Neil Jordan’s film “Michael Collins” begins its story with the Easter Rising of 1916. The uprising was a cataclysmic event in Irish history: an attempt by Irish Nationalists to invoke the 1912 Home Rule Bill that had never been implemented. The insurrection ended almost as soon as it began.

On Easter Monday, 1916, a force of armed men and women numbering around 1,500 attempted to take Dublin and to create an independent Ireland.

The leaders of the Easter Rising, Padraig Pearse, James Connolly, Thomas Clarke, Thomas MacDonagh, Sean MacDermott, Joseph Plunkett and Eamonn Ceannt were each executed for their part in the Easter Rising. These men had driven the Irish republicanism movement and had signed the Proclamation of the Republic. Michael Collins was only a minor character during Easter 1916 but would become a major figure in Ireland’s War of Independence.

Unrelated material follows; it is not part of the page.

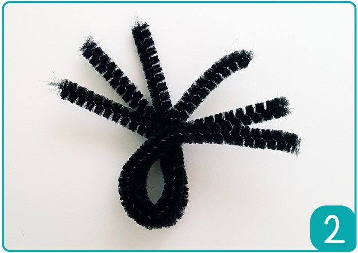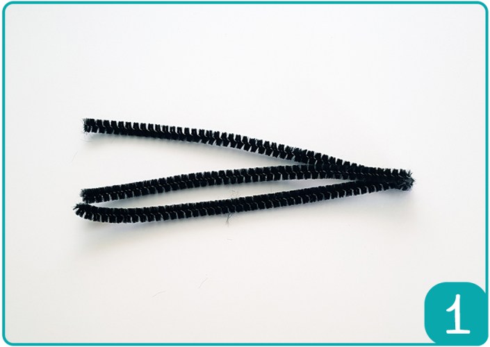 Etape 1 : Couper 3 brins de chenille noire d’environ 15 cm.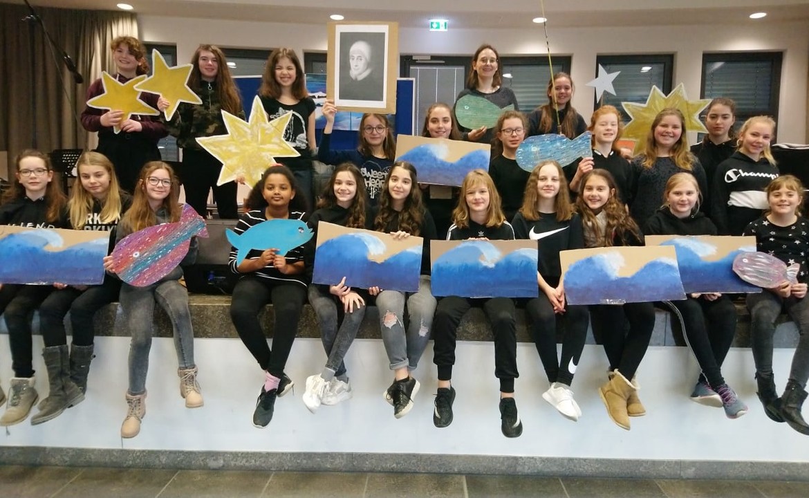 „Ein Fischer und seine Frau lebten an der Küste eines großen Meeres“ – so beginnt unser Musical „Der Stern“, das wir in der Maria-Ward-Woche in der Vollversammlung aufführten. Wir, die Klasse 6 b mit Frau Bäuerlein, haben im Musikunterricht mehrere Lieder für das Musical zweistimmig eingeübt und nebenbei aus Karton ein Boot, Wellen, Fische, Sterne, ein Haus und Möbel dafür „gebaut“, gebastelt und bemalt … Wir waren alle gut beschäftigt; Finnia, Mia Z. und Vicky übten immer wieder zur Klavierbegleitung mit Frau Bäuerlein Flöte und Klarinette und Lorena, Julia und Greta fleißig ihre Lesetexte.

Easter 1916 was a turning point for the movement of Irish Nationalism. Irish Republican Brotherhood leaders Padraig Pearse and James Connolly seemed intent on establishing the cause of independence through a formal understanding of justified insurrection and through formal declaration of hostilities. Following the defeat, however, Michael Collins moved to a system of armed insurrection that would today be considered as terrorist acts.

Pearse, Connolly and the other signatories became martyred heroes for the cause of nationalist independance. Their awareness of the futility of their actions was perhaps more important to the cause of independence than any success could.